▶ **Excerpted data**

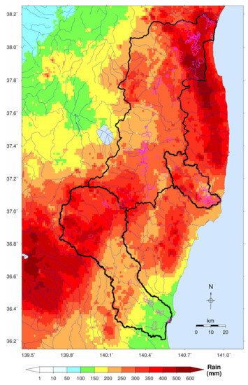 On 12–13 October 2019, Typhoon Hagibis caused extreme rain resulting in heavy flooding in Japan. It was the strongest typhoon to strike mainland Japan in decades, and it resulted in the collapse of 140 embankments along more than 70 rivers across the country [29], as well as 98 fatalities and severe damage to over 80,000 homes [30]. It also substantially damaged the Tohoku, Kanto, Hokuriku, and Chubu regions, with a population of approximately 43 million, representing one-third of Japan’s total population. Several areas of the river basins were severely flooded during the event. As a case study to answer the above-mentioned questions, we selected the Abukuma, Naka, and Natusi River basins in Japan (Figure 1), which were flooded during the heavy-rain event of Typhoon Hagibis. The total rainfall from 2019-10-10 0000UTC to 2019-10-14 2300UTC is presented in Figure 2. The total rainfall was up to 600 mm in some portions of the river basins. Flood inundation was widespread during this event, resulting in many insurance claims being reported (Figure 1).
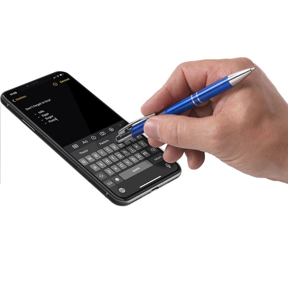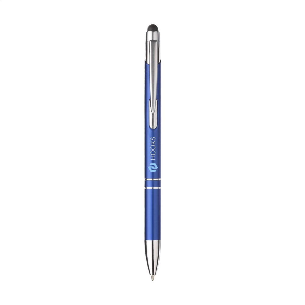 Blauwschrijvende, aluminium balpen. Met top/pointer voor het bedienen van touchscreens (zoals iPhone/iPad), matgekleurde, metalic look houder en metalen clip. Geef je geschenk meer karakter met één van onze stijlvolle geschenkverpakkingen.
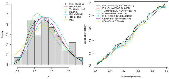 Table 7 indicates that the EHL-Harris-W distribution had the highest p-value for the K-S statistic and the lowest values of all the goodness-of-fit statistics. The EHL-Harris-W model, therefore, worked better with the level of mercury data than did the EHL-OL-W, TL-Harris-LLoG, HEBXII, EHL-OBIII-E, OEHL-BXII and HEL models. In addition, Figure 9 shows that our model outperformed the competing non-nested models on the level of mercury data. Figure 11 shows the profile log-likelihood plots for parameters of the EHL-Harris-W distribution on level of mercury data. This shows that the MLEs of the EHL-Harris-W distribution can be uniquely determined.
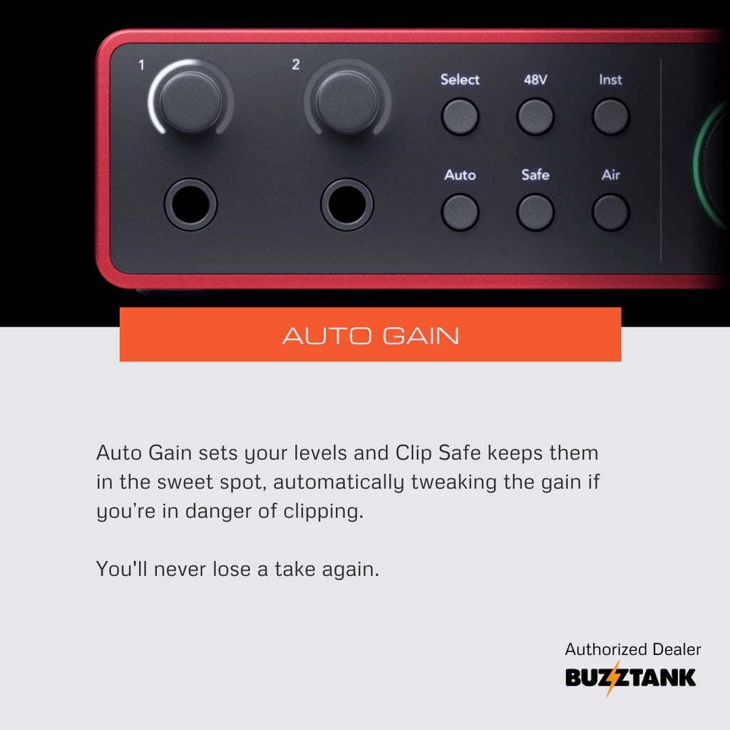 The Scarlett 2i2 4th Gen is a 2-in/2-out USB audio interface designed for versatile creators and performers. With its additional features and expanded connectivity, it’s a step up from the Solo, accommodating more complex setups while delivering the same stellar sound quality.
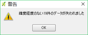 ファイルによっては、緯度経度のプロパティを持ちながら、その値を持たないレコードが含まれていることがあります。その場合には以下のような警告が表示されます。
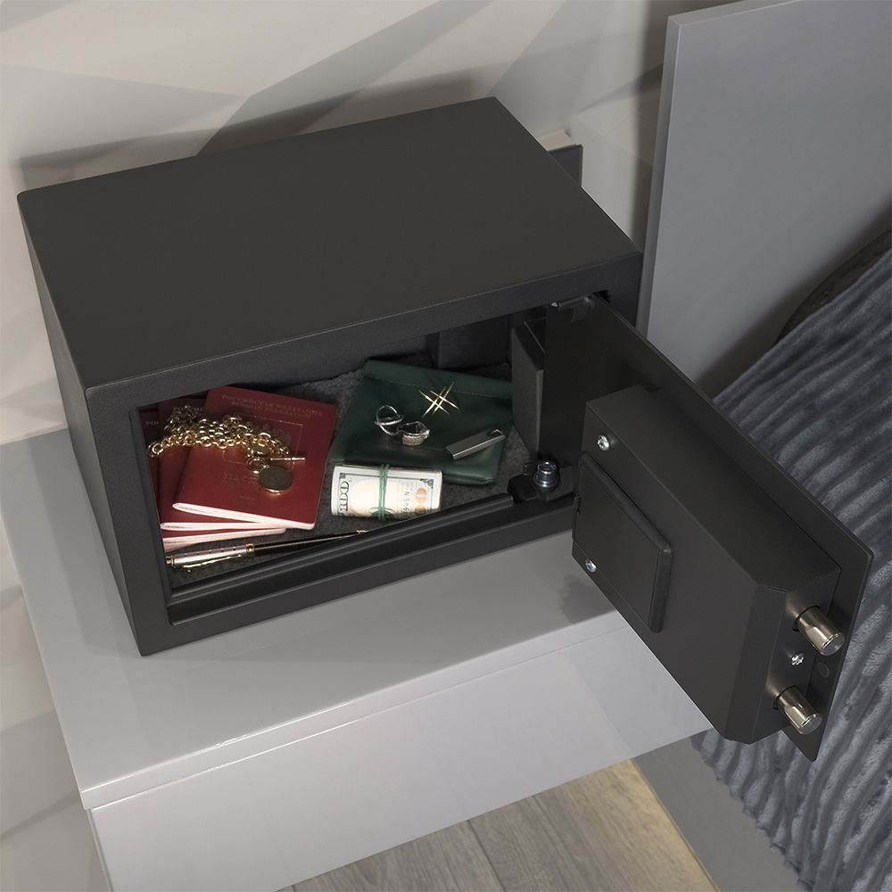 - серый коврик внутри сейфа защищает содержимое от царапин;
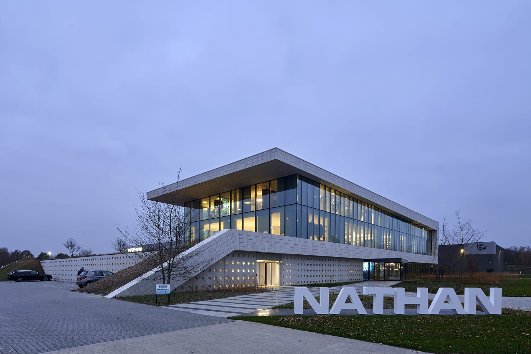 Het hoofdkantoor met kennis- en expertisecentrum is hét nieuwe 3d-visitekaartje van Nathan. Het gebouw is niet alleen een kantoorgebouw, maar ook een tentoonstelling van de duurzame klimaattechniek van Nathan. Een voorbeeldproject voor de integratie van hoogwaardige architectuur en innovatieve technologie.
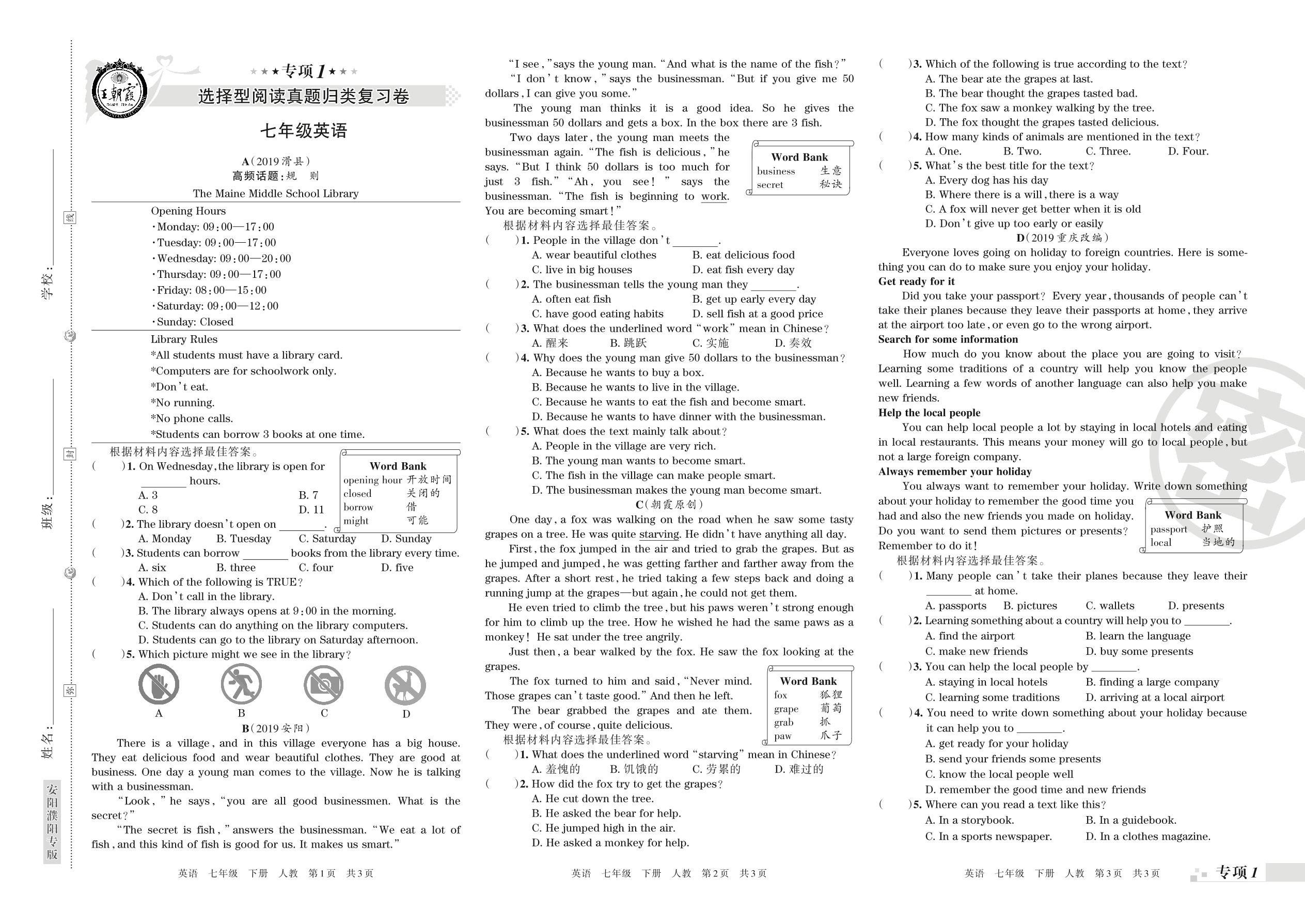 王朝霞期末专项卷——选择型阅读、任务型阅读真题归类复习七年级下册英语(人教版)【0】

▶ **Requirement**
The line containing "ファイルによっては、緯度経度" and every line after it, through the end of the material above, are to be printed exactly; no pictures belong in the output.

▶ **Answer space**
 ファイルによっては、緯度経度のプロパティを持ちながら、その値を持たないレコードが含まれていることがあります。その場合には以下のような警告が表示されます。
 - серый коврик внутри сейфа защищает содержимое от царапин;
 Het hoofdkantoor met kennis- en expertisecentrum is hét nieuwe 3d-visitekaartje van Nathan. Het gebouw is niet alleen een kantoorgebouw, maar ook een tentoonstelling van de duurzame klimaattechniek van Nathan. Een voorbeeldproject voor de integratie van hoogwaardige architectuur en innovatieve technologie.
 王朝霞期末专项卷——选择型阅读、任务型阅读真题归类复习七年级下册英语(人教版)【0】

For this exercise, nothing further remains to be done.